# Mounting snow plow



## BX2200 (12 mo ago)

I have a BX2200 that we just bought. It has a belly mower but no hydraulic hooked up at all what do I need , I think their is an extra piece that I need under the front ?


----------



## SidecarFlip (Mar 25, 2021)

Not a clue. I just mounted my 10 foot power angle plow on the front of my M9 cab tractor. The plow subframe is welded to an ATI SSQA quick attach plate than mates to the loader arm mounted SSQA. Takes about 5 minutes to mount and dismount.

We are supposed to get hammered. Tonight rain turning to ice to snow and snow for 2 days with accumulations in the 18-20" range. I'll be plowing in a tee shirt with the stereo playing my favorite country music CD's.

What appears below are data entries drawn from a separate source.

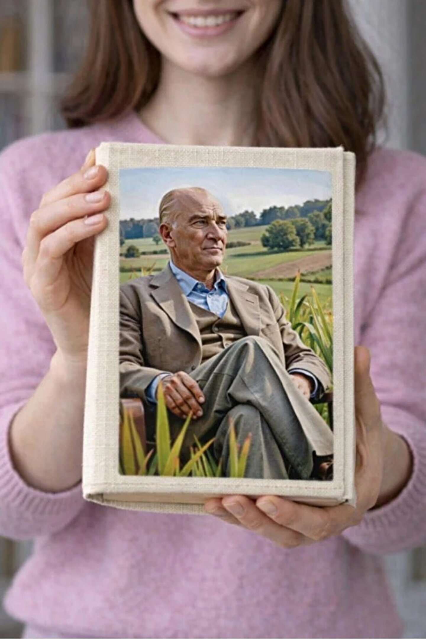 - Türkiye'de üretilmiş olup, yerel işçilik ve kaliteli malzeme ile tasarlanmıştır.; - Atatürk'ün farklı dönemlerine ait görsellerle süslenmiş, kültürel ve tarihi değeri yüksek bir tasarıma sahiptir.; - Bez defter ve kitaplarınızı korumak için idealdir, çizilmelere ve darbelere karşı dayanıklılık sağlar.; - Kitap ayraç olarak kullanıldığında sayfalarınızın işaretlenmesini kolaylaştırır ve okuma deneyiminizi zenginleştirir.; - Hem kişisel kullanım hem de hediye olarak tercih edilebilecek şık ve anlamlı bir aksesuardır.; - Ürün Ebat 23x31cm - Ürün %100 Pamukdan imal edilmiştir.;
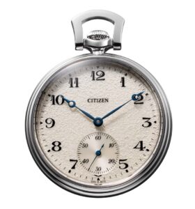 2024年、シチズンはブランド創業100周年を記念して、100本のみの特別な懐中時計「Ref. NC2990‑94A」を発表しました。このモデルは、1924年に誕生した初代シチズンウォッチを現代に蘇らせるというコンセプトで制作され、CITIZENブランドの原点と技術革新の融合を象徴しています。
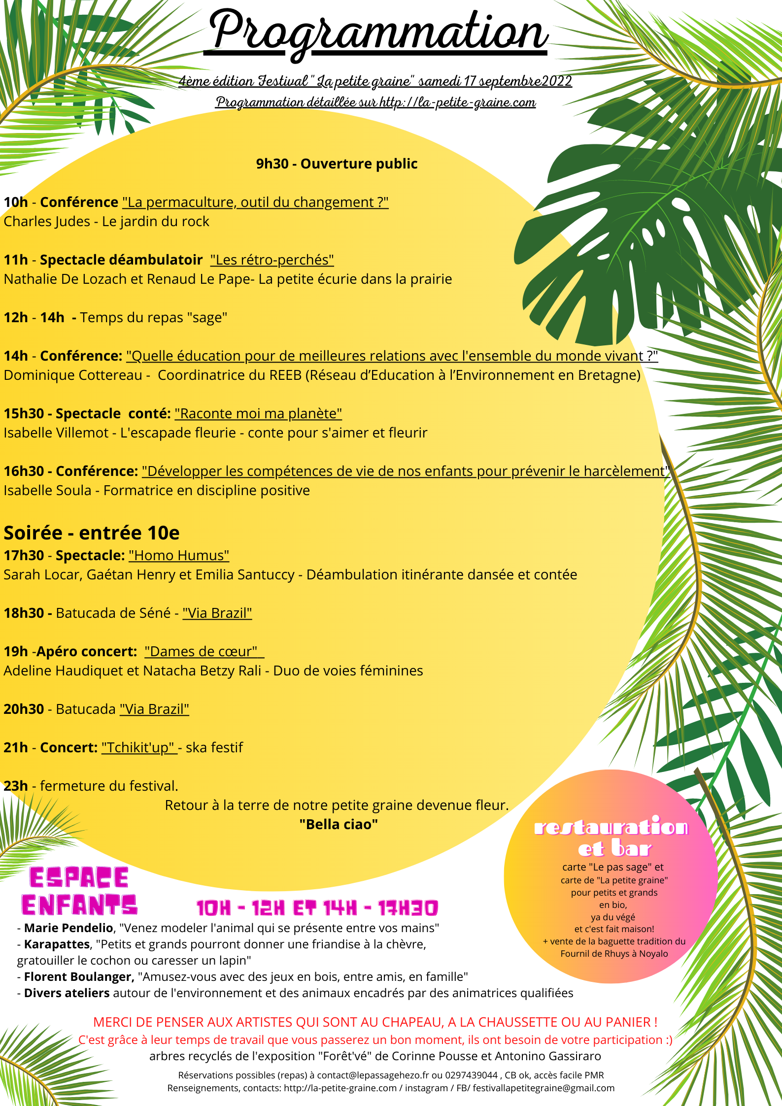 4e et dernière édition du festival « La petite graine » qui s’articule autour de la thématique « du respect du vivant, de la nature et des animaux ».

Hardest part is putting the chains on the front tires. I only chain up the front, none needed out back and only reason I chain the front is to mitigate plow steer. A 10 foot wide plow likes to steer you too much in heavy snow. Could have went smaller but I figured bigger is better and I got a deal on the plow anyway.

Left the blower off this time, too lazy to deal with it...


----------



## JeremyBX (Jul 31, 2020)

BX2200 said:


> I have a BX2200 that we just bought. It has a belly mower but no hydraulic hooked up at all what do I need , I think their is an extra piece that I need under the front ?

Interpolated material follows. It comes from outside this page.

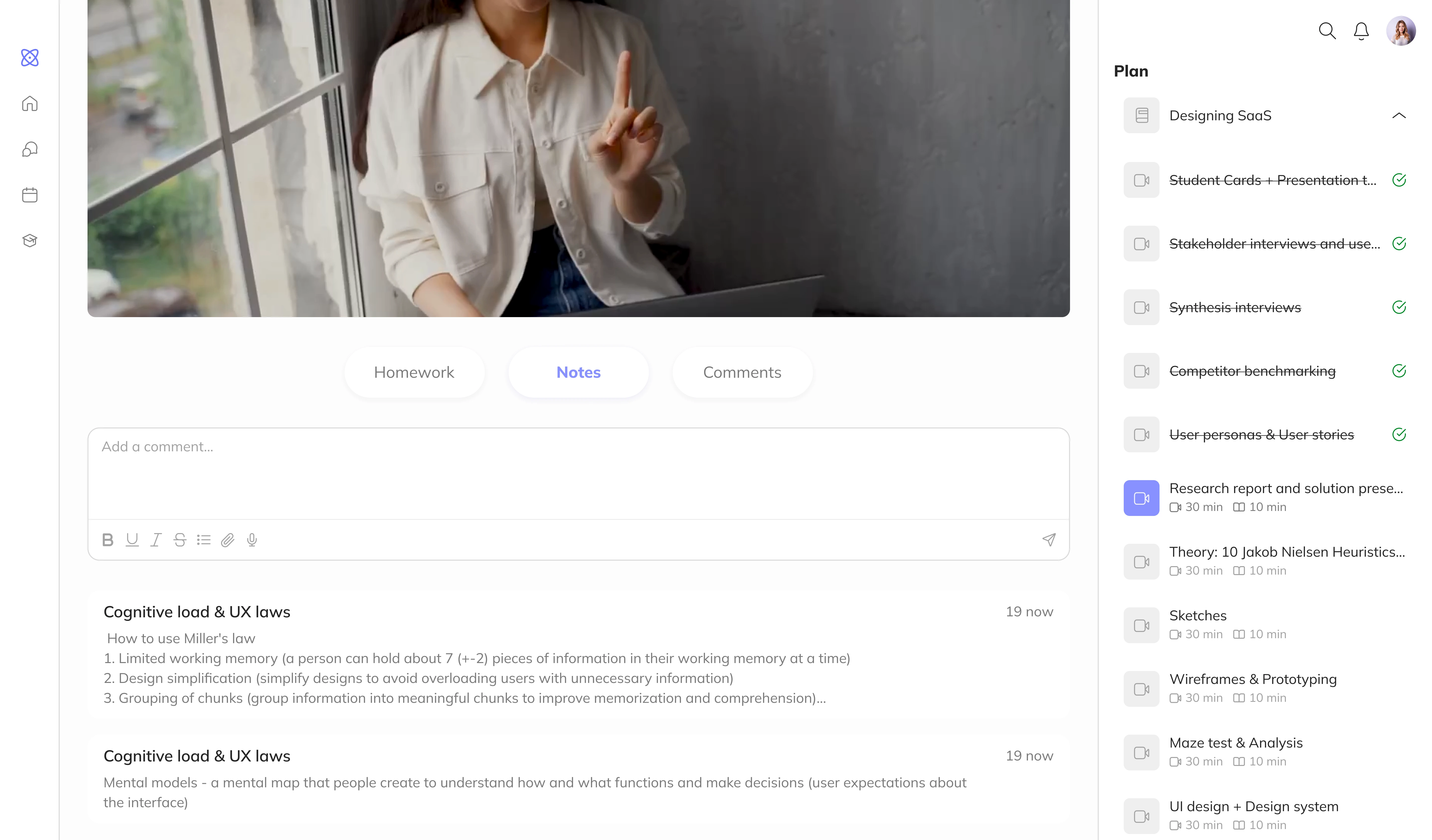Notes tab of a lesson page for saving key insights and references.
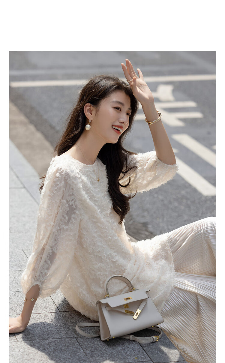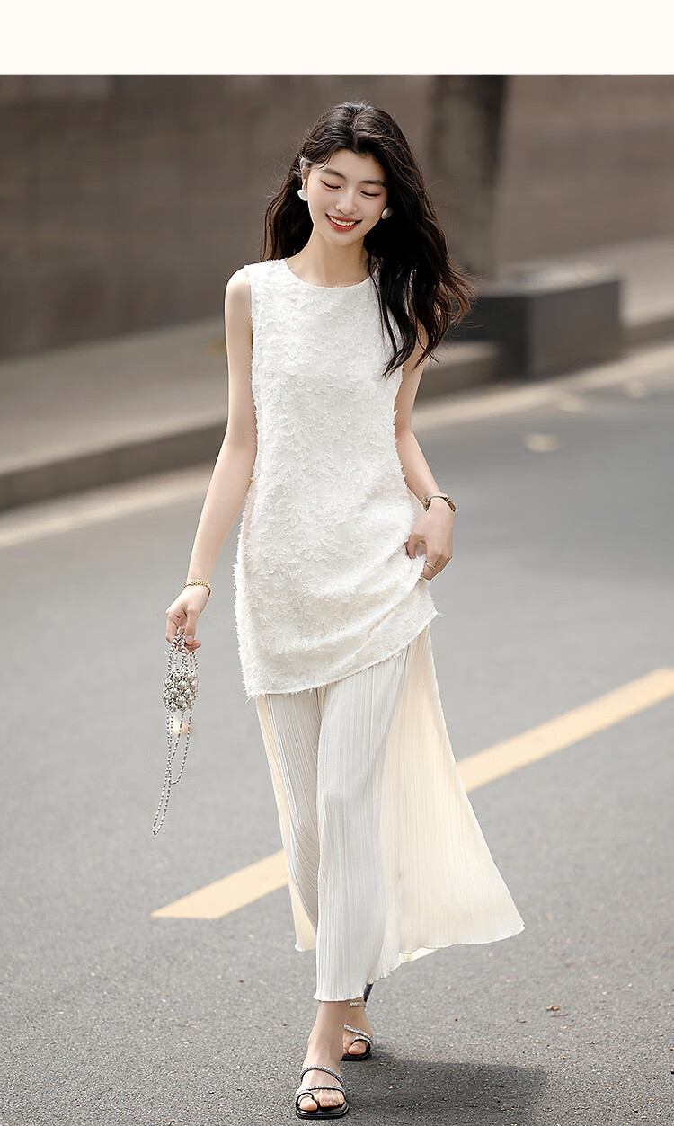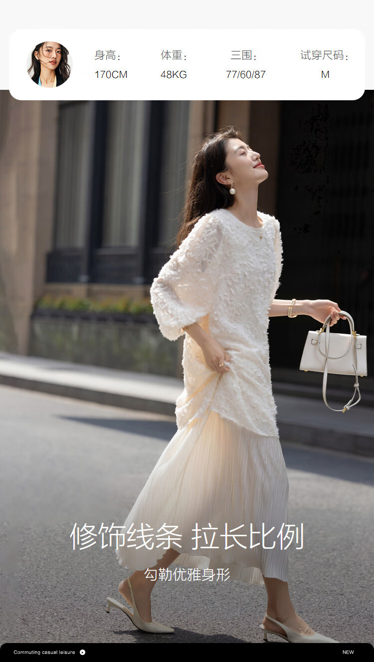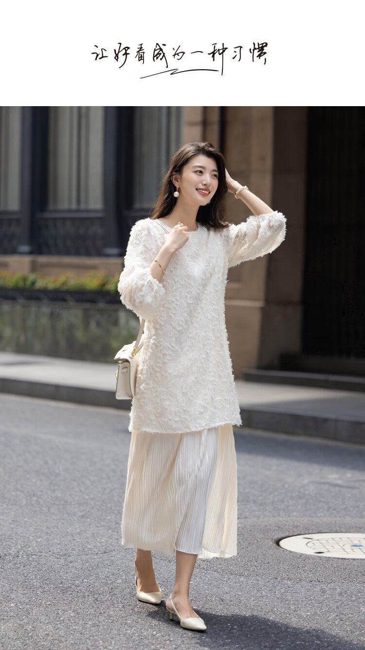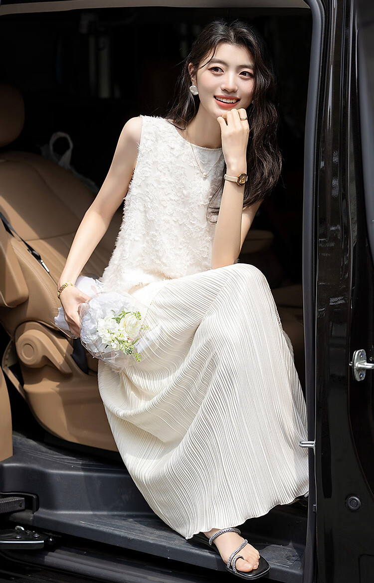 德玛纳【设计感假两件】夏季轻薄慵懒立体剪花无腰线直筒压褶女式连衣裙

I have a BX2200 with a MMM, front end loader and 3 pt in the back.

Do you have a cat 1 3pt hitch in the back that goes up and down? If so, the easiest/fastest way to be able to remove snow with it will be to get a rear blade. You can at it at and angle and either push or pull the snow with it.

As far as adding hydraulics for a FEL, front mount plow etc. I believe you have to add a hydraulic block to the side of the trans/hydraulic system. It is located on the drivers/left hand side behind the rear wheel. Then there are 3 hard lines with quick connects that run up towards the front and terminate on the passenger/right side of the engine. 

If you enjoy fabrication, I am sure you could adapt or make a plow and mount it to the tractor frame in front without hydraulics.


Sent from my iPhone using Tapatalk


----------



## unsquidly (Jul 13, 2021)

BX2200 said:


> I have a BX2200 that we just bought. It has a belly mower but no hydraulic hooked up at all what do I need , I think their is an extra piece that I need under the front ?



Does the tractor have a FEL, (Front end loader)? If so, you might try something like this....



https://earthandturfattachments.com/snow-plows-kubota-clamp-mounts/


----------



## pogobill (Jan 31, 2012)

Doesn't sound like there is any front end loader by the OP description !?!


----------



## unsquidly (Jul 13, 2021)

pogobill said:


> Doesn't sound like there is any front end loader by the OP description !?!



I think that I missed that "under the front" part when I read his post.....


----------